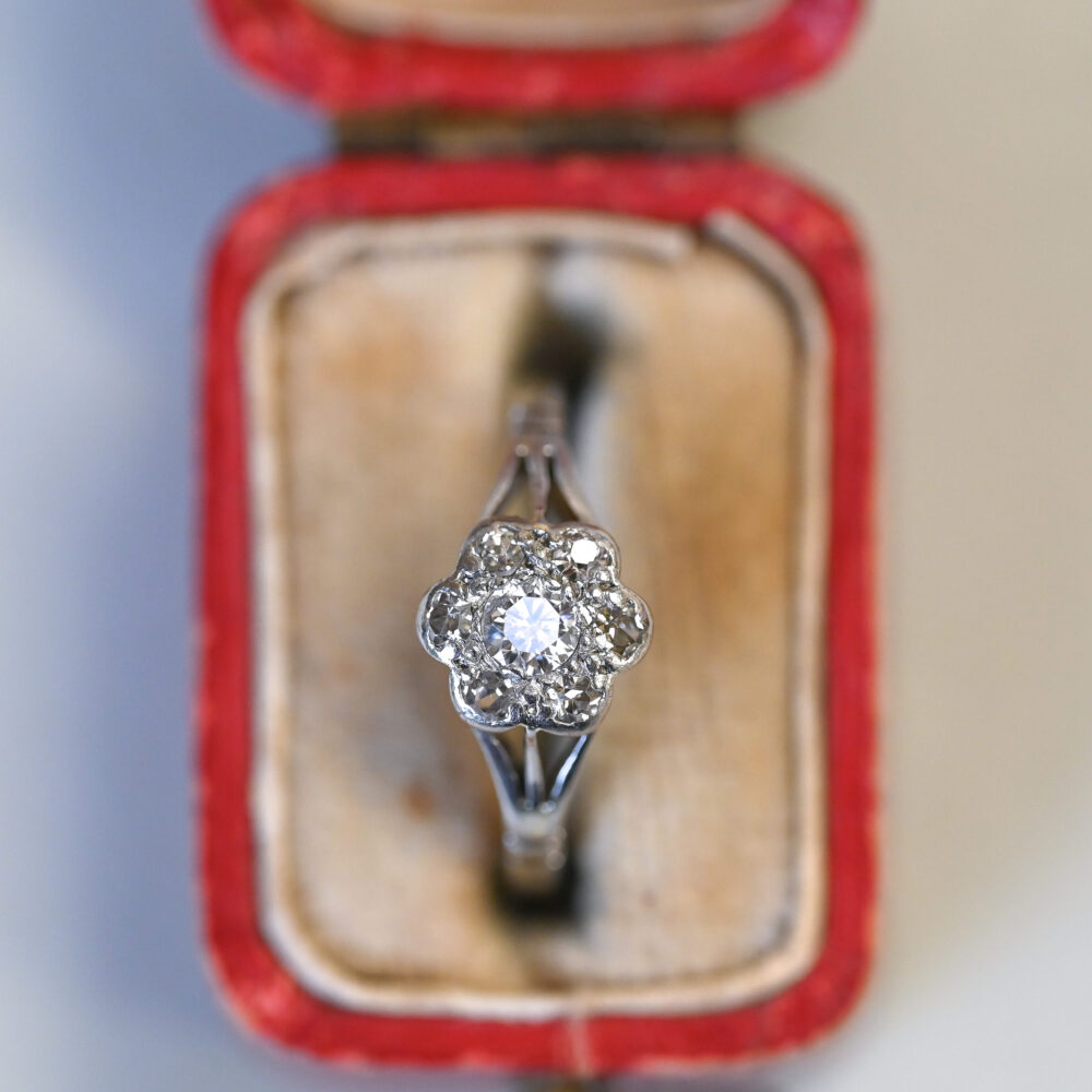 Edwardian 18ct gold and platinum diamond daisy cluster ring
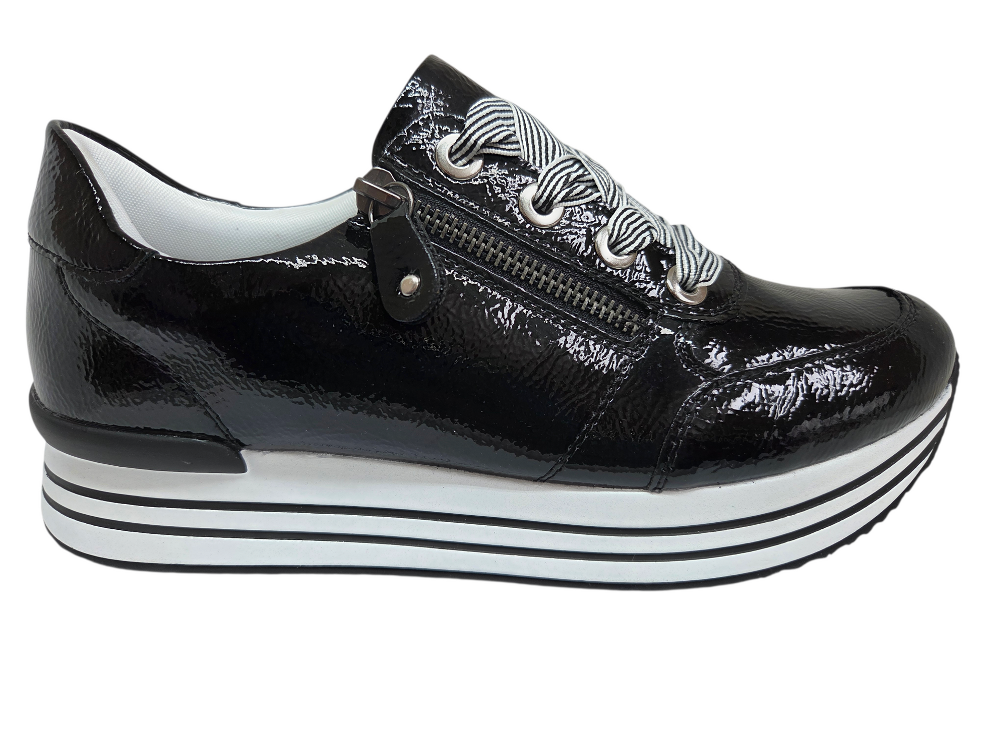 How can comfort be so stylish? These shiny black remonte sneakers for women made of patent leather are a real eye-catcher! The clever combination of zipper and lacing provides good support and allows you to put them on and take them off quickly. The black and white striped sole pattern is a beautiful eye-catcher. A removable footbed and the particularly light and flexible sole are great goodies on top. The inner lining made of micro velour is light and breathable.
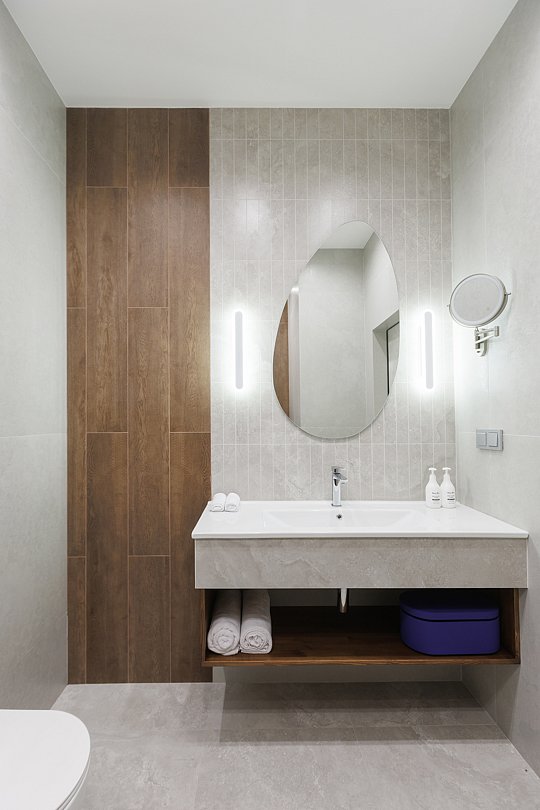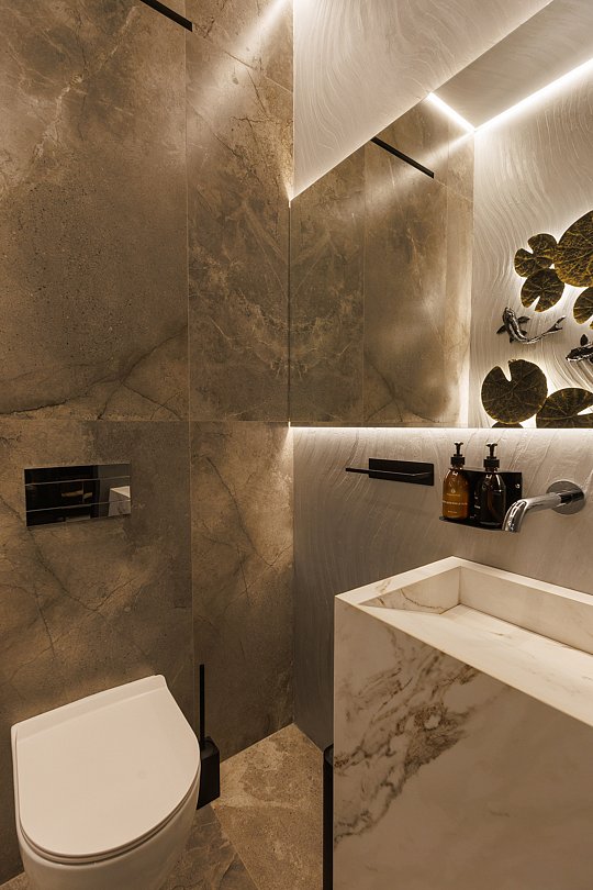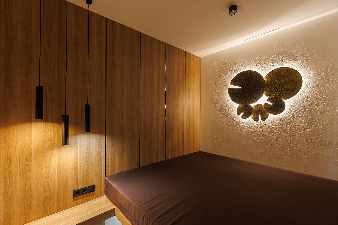 Читать полностьюИгра стихий, в которой природа превращается в искусство. Номер «ROCO» — это настоящая ода земле и воде. Главная стена, напоминающая сруб скалы, придаёт пространству первозданную силу и монументальность, а природные мотивы и ручная работа превращают номер в уникальное место отдыха, где каждая деталь наполнена смыслом. Особое внимание привлекают интерьерные акценты с изображением рыбок и кувшинок, они ненавязчиво сопровождают вас во всех зонах — от бассейна до спальни и санузла. Эти элементы придают интерьеру поэтичность и живость, создавая ощущение, будто вы находитесь в подводном оазисе.
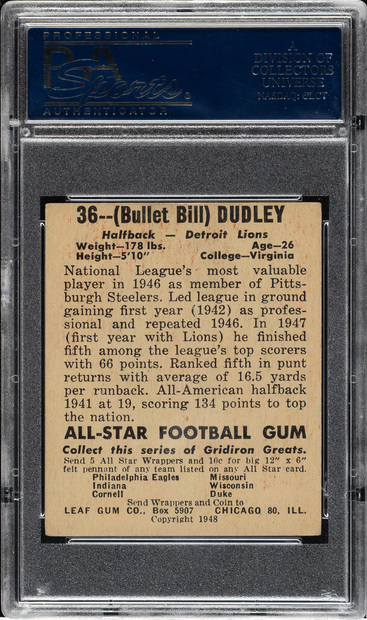 Lot # 2442: 1948 Leaf Football #36 Bill Dudley Rookie PSA VG-EX 4
·····
PROBLEM DETAILS = All of the material is to be reproduced verbatim, pictures excluded.

TASK SOLUTION =
 Edwardian 18ct gold and platinum diamond daisy cluster ring
 How can comfort be so stylish? These shiny black remonte sneakers for women made of patent leather are a real eye-catcher! The clever combination of zipper and lacing provides good support and allows you to put them on and take them off quickly. The black and white striped sole pattern is a beautiful eye-catcher. A removable footbed and the particularly light and flexible sole are great goodies on top. The inner lining made of micro velour is light and breathable.
 Читать полностьюИгра стихий, в которой природа превращается в искусство. Номер «ROCO» — это настоящая ода земле и воде. Главная стена, напоминающая сруб скалы, придаёт пространству первозданную силу и монументальность, а природные мотивы и ручная работа превращают номер в уникальное место отдыха, где каждая деталь наполнена смыслом. Особое внимание привлекают интерьерные акценты с изображением рыбок и кувшинок, они ненавязчиво сопровождают вас во всех зонах — от бассейна до спальни и санузла. Эти элементы придают интерьеру поэтичность и живость, создавая ощущение, будто вы находитесь в подводном оазисе.
 Lot # 2442: 1948 Leaf Football #36 Bill Dudley Rookie PSA VG-EX 4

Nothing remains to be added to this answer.